Iván dice que le gustaría tener un rifle de aire comprimido para tirarles a las palomas que se hicieron el penthouse en el edificio de enfrente.

Yo pienso que si tuviera la oportunidad de conocer a Michael Cera, seguro me enamoraría de él.

Iván me cuenta que el sistema del leudado este que termina en ''ólisis'', se basa en ponerle más agua a la harina para que largue gluten, esperar varias horas, y después ponerle la levadura y amasar poquito.

Mientras Iván junta la ropa limpia del cordel, yo decido que estoy enamorada de Michael Cera, y que me va a romper el corazón cuando se case con una celebrity y tengan hijos hermosos en una mansión llena de árboles frutales. O peor, cuando vivan en Nueva York y yo siga sin poder conocer el MoMa que tanta ilusión me hace.

Iván agarra su pila de ropa doblada y seca, arriba de la pila pone el mate. Qué peligro eso, pienso, pero no se lo digo. Con la otra mano agarra el termo. Le abro la puerta de la terraza. Él se va pero yo me quedo.

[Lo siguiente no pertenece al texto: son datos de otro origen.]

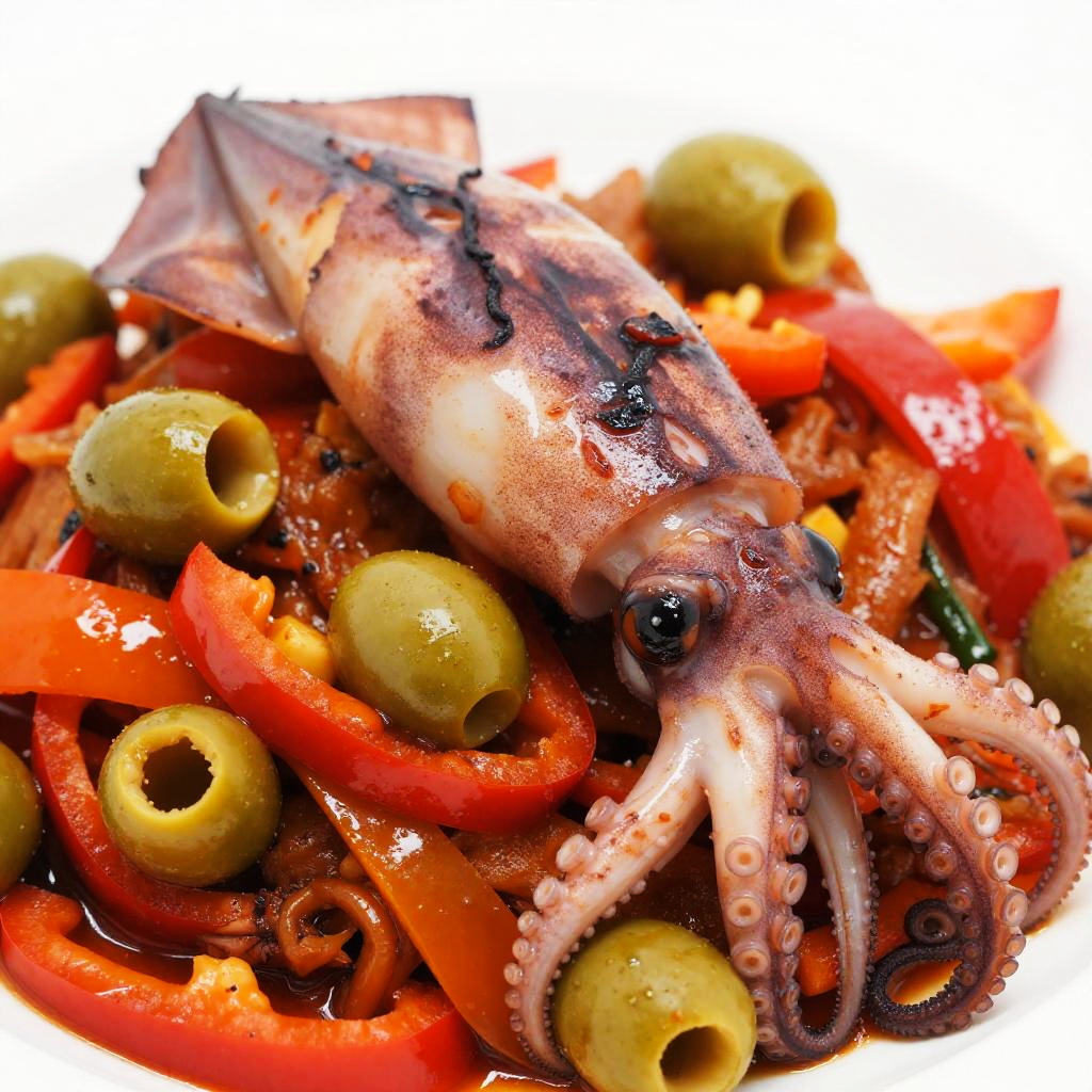 This close-up photo features a colorful, spicy dish with a large, deep-red, tentacled squid partially covered in a vibrant mix of red bell peppers, green olives, and orange peppers. The squid's texture is glossy and slightly charred, with visible suction cups. The background is a bright white, making the vivid colors of the ingredients pop. The overall presentation is hearty and appetizing.

Vuelvo a asomarme por la parecita de la terraza que da a la calle.
No hay perros, ni pelotas rodando delante de niños, ni niños corriendo detrás de pelotas o de otros niños.
No hay nada.

Cada tanto algún techo de auto, alguna panza de avión, las palomas que revolotean en el penthouse que se armaron en el edificio que tiene el cartel de peligro de derrumbe, y yo, sin cartel.